Exercise inputs:
_ _ _ _ _

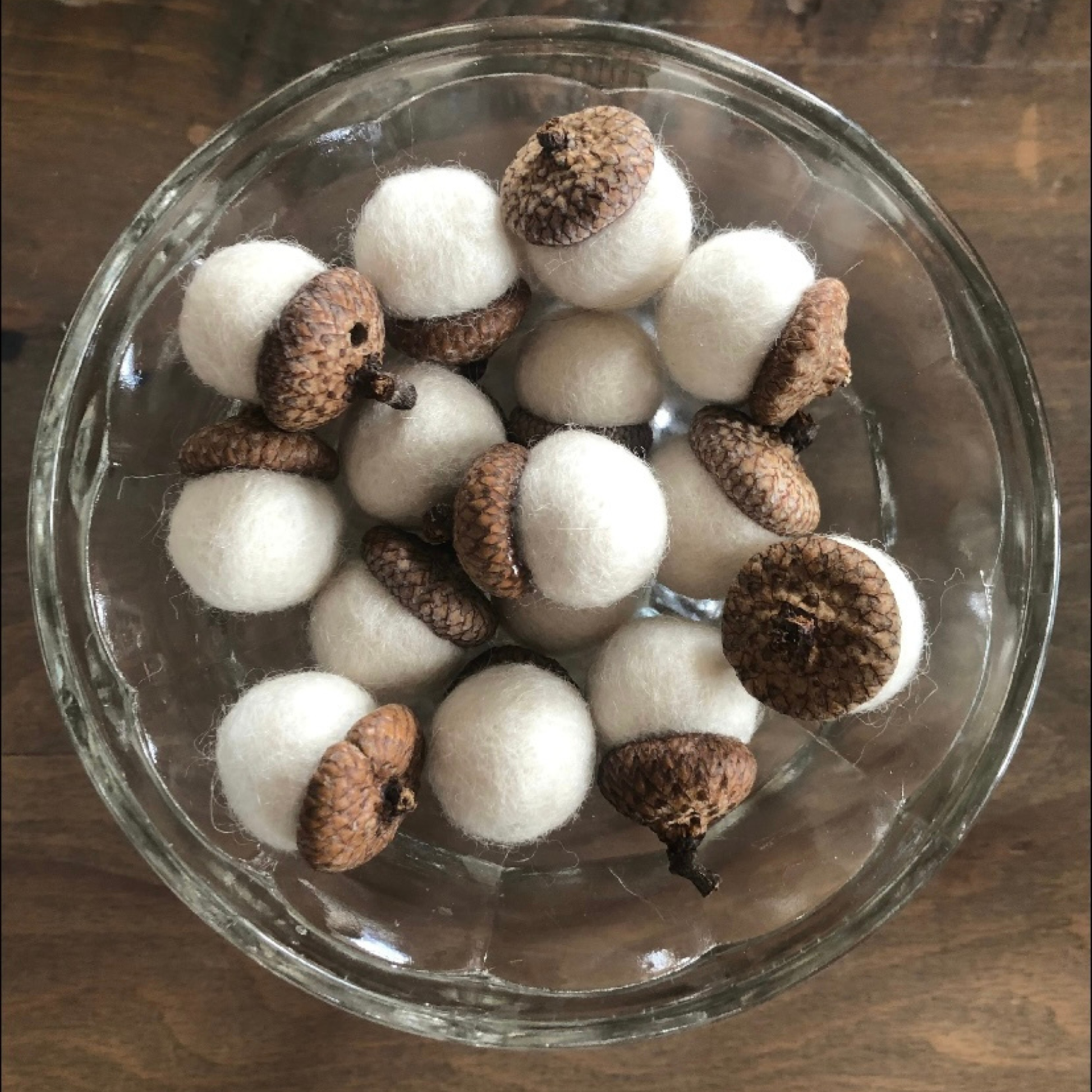 Felted Wool Acorns in Ivory-20mm with Red Oak Caps 15 ct
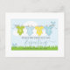 En fantastisk graviditetsannonserings vykort med en rad babykläder upphängda på ett tvättstreck i en vår- eller sommarmiljö, med gräs och fåglar. Söt modern stil. Lägg till era namn och beräknad förlossningsdatum. Mjuka pastellfärger i gult, grönt och blått.
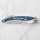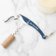 A nautical waiter's corkscrew with a bold navy blue handle featuring a white anchor and custom boat name in script. The all-navy design with white detailing creates a sharp, maritime-inspired bar tool for onboard entertaining or home use. A perfect personalized gift for boat captains, sailing lovers, or anyone who appreciates nautical style. All text is fully customizable.
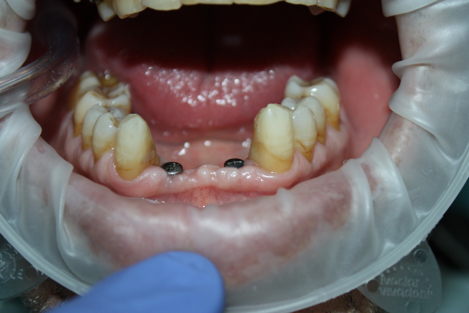 Пока заживает правая сторона, мы приступаем к имплантации на левой части нижней челюсти. Схема имплантации совершенно такая же, поэтому опишу очень кратко:
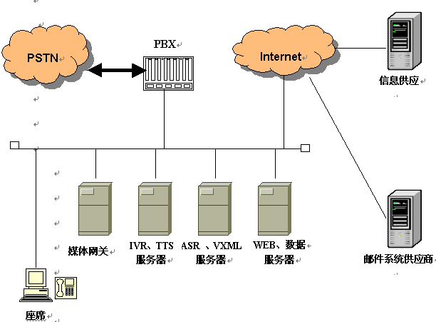 1.系統(tǒng)滿足多種接入方式訪問,包括固定電話、移動電話、PDA、計算機(jī)等;
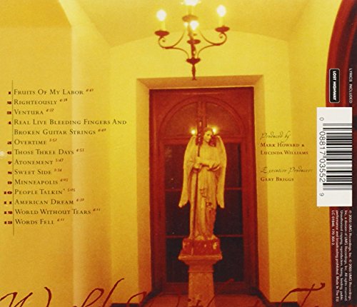 Details: Amazon.ca Most artists who appeal to adult listeners tend to settle into a comfortable niche, but Lucinda Williams refuses to play it safe. Instead, her music stings like an open wound, as she continues to strip away the protective layers from her art's emotional core. Though Williams has long been prized for the naked honesty of her music, this collection is even rawer than its predecessors. From the down-and-dirty bar-band blues of "Atonement" to the Rolling Stones-style swagger of "Bleeding Fingers" to the tricky balance of debasement and transcendence in "Ventura," Williams leaves the nerve endings of her music exposed. With the band opting for first-take immediacy rather than polish, some of the most powerful material is also the neediest, as the singer addresses lovers who have disrespected her ("Righteously") or abandoned her ("Those Three Days," "Minneapolis"). Though her attempts at rap on "Sweet Side" and "American Dream" might cause diehard fans to wince, her willingness to take creative chances reaffirms her position at the vanguard of a rootsy progressivism that transcends musical category. Simply put, there's more Patti Smith in her than there is Patsy Cline. --Don McLeese
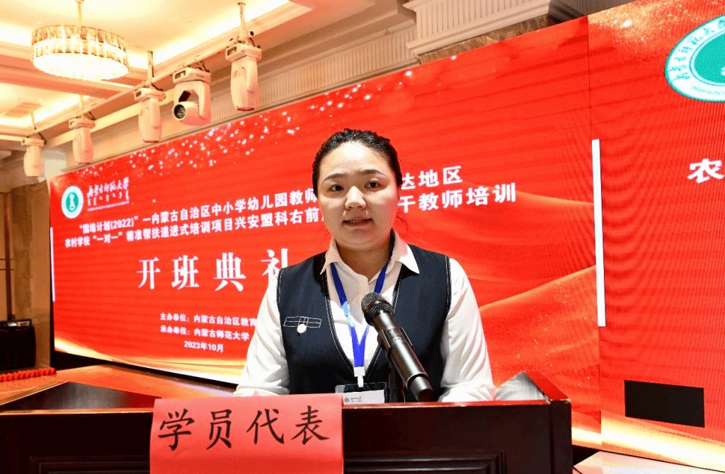 秋风送爽,万物飘香。10月14日上午,公司助力乡村教育培训项目——“国培计划(2022)”内蒙古自治区欠发达地区农村公司“一对一”精准帮扶递进式培训项目兴安盟科右前旗初中骨干教师培训在维也纳大酒店金色大厅举行了开班仪式。本项目由自治区教育厅主办、伟德官方网站承办、伟德具体组织实施。兴安盟科右前旗教育局党组成员副局长张静媛、人事团队股李娜,公司公司党总支副书记经理牛佳、副经理付丽和、高师培训中心主任高丽桃、培训部副主任陈毕力格以及科右前旗300位初中骨干教师参加了开班仪式。开班仪式由付丽和副经理主持。

_ _ _ _ _

Exercise directions:
Reproduce the listing exactly, minus its pictures.

Answer for the task:
 Felted Wool Acorns in Ivory-20mm with Red Oak Caps 15 ct
 En fantastisk graviditetsannonserings vykort med en rad babykläder upphängda på ett tvättstreck i en vår- eller sommarmiljö, med gräs och fåglar. Söt modern stil. Lägg till era namn och beräknad förlossningsdatum. Mjuka pastellfärger i gult, grönt och blått.
 A nautical waiter's corkscrew with a bold navy blue handle featuring a white anchor and custom boat name in script. The all-navy design with white detailing creates a sharp, maritime-inspired bar tool for onboard entertaining or home use. A perfect personalized gift for boat captains, sailing lovers, or anyone who appreciates nautical style. All text is fully customizable.
 Пока заживает правая сторона, мы приступаем к имплантации на левой части нижней челюсти. Схема имплантации совершенно такая же, поэтому опишу очень кратко:
 1.系統(tǒng)滿足多種接入方式訪問,包括固定電話、移動電話、PDA、計算機(jī)等;
 Details: Amazon.ca Most artists who appeal to adult listeners tend to settle into a comfortable niche, but Lucinda Williams refuses to play it safe. Instead, her music stings like an open wound, as she continues to strip away the protective layers from her art's emotional core. Though Williams has long been prized for the naked honesty of her music, this collection is even rawer than its predecessors. From the down-and-dirty bar-band blues of "Atonement" to the Rolling Stones-style swagger of "Bleeding Fingers" to the tricky balance of debasement and transcendence in "Ventura," Williams leaves the nerve endings of her music exposed. With the band opting for first-take immediacy rather than polish, some of the most powerful material is also the neediest, as the singer addresses lovers who have disrespected her ("Righteously") or abandoned her ("Those Three Days," "Minneapolis"). Though her attempts at rap on "Sweet Side" and "American Dream" might cause diehard fans to wince, her willingness to take creative chances reaffirms her position at the vanguard of a rootsy progressivism that transcends musical category. Simply put, there's more Patti Smith in her than there is Patsy Cline. --Don McLeese
 秋风送爽,万物飘香。10月14日上午,公司助力乡村教育培训项目——“国培计划(2022)”内蒙古自治区欠发达地区农村公司“一对一”精准帮扶递进式培训项目兴安盟科右前旗初中骨干教师培训在维也纳大酒店金色大厅举行了开班仪式。本项目由自治区教育厅主办、伟德官方网站承办、伟德具体组织实施。兴安盟科右前旗教育局党组成员副局长张静媛、人事团队股李娜,公司公司党总支副书记经理牛佳、副经理付丽和、高师培训中心主任高丽桃、培训部副主任陈毕力格以及科右前旗300位初中骨干教师参加了开班仪式。开班仪式由付丽和副经理主持。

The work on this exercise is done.